Note in general the way to tell the two apart:
Can you paraphrase the meaning of the compound "[X . Y]" to A person/thing that is a Y, or ... that does Y, if Y is a verb (with X having some unspecified connection)? This is an endocentric compound.
Can you paraphrase the meaning if the compound "[X . Y]" to A person/thing that is with Y, with X having some unspecified connection? This is an exocentric compound.
Exocentric compounds occur more often in adjectives than nouns. A barefoot girl, for example, is not a girl that is a bare foot, but a girl with a bare foot. Similarly, a V-8 car is a car with a V-8 engine rather than a car that is a V-8, and a twenty-five-dollar car is a car with a worth of $25, not a car that is $25. The compounds shown here are bare, but more commonly, a suffixal morpheme is added, esp. -ed. Hence, a two-legged person is a person with two legs, and this is exocentric.
On the other hand, endocentric adjectives are also frequently formed, using the suffixal morphemes -ing or -er/or. A car-carrier is a clear endocentric determinative compound: it is a thing that is a carrier of cars. The related adjective, car-carrying, is also endocentric: it refers to an object which is a carrying-thing (or equivalent, which does carry).

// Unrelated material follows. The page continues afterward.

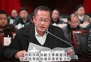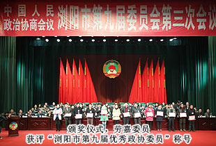 2014年1月13日,中國(guó)人民政治協(xié)商會(huì)議瀏陽(yáng)市第九屆委員會(huì)第三次會(huì)議勝利閉幕。期間,來(lái)自各條戰(zhàn)線的委員們聚集一堂,圍繞促進(jìn)瀏陽(yáng)科學(xué)發(fā)展、跨越發(fā)展積極建言獻(xiàn)策,認(rèn)真履行政治協(xié)商、民主監(jiān)督、參政議政的職能。本次會(huì)議應(yīng)到委員365人,因事因病請(qǐng)假6人,實(shí)到委員359人,符合《政協(xié)章程》規(guī)定。

These types account for most compound nouns, but there are other, rarer types as well. Coordinative, copulative or dvandva compounds combine elements with a similar meaning, and the compound meaning may be a generalization instead of a specialization. Bosnia-Herzegovina, for example, is the combined area of Bosnia and Herzegovina, but a fighter-bomber is an aircraft that is both a fighter and a bomber. Iterative or amredita compounds repeat a single element, to express repetition or as an emphasis. Day-by-day and go-go-go are examples of this type of compound, which has more than one head.
Analyzability may be further limited by cranberry morphemes and semantic changes. For instance, the word butterfly, commonly thought to be a metathesis for flutter by, which the bugs do, is actually based on an old bubbe-maise that butterflies are petite witches that steal butter from window sills. Cranberry is a part translation from Low German, which is why we cannot recognize the element cran (from the Low German kraan or kroon, "crane"). The ladybird or ladybug was named after the Christian expression "our Lady, the Virgin Mary".
In the case of verb+noun compounds, the noun may be either the subject or the object of the verb. In playboy, for example, the noun is the subject of the verb (the boy plays), whereas it is the object in callgirl (someone calls the girl).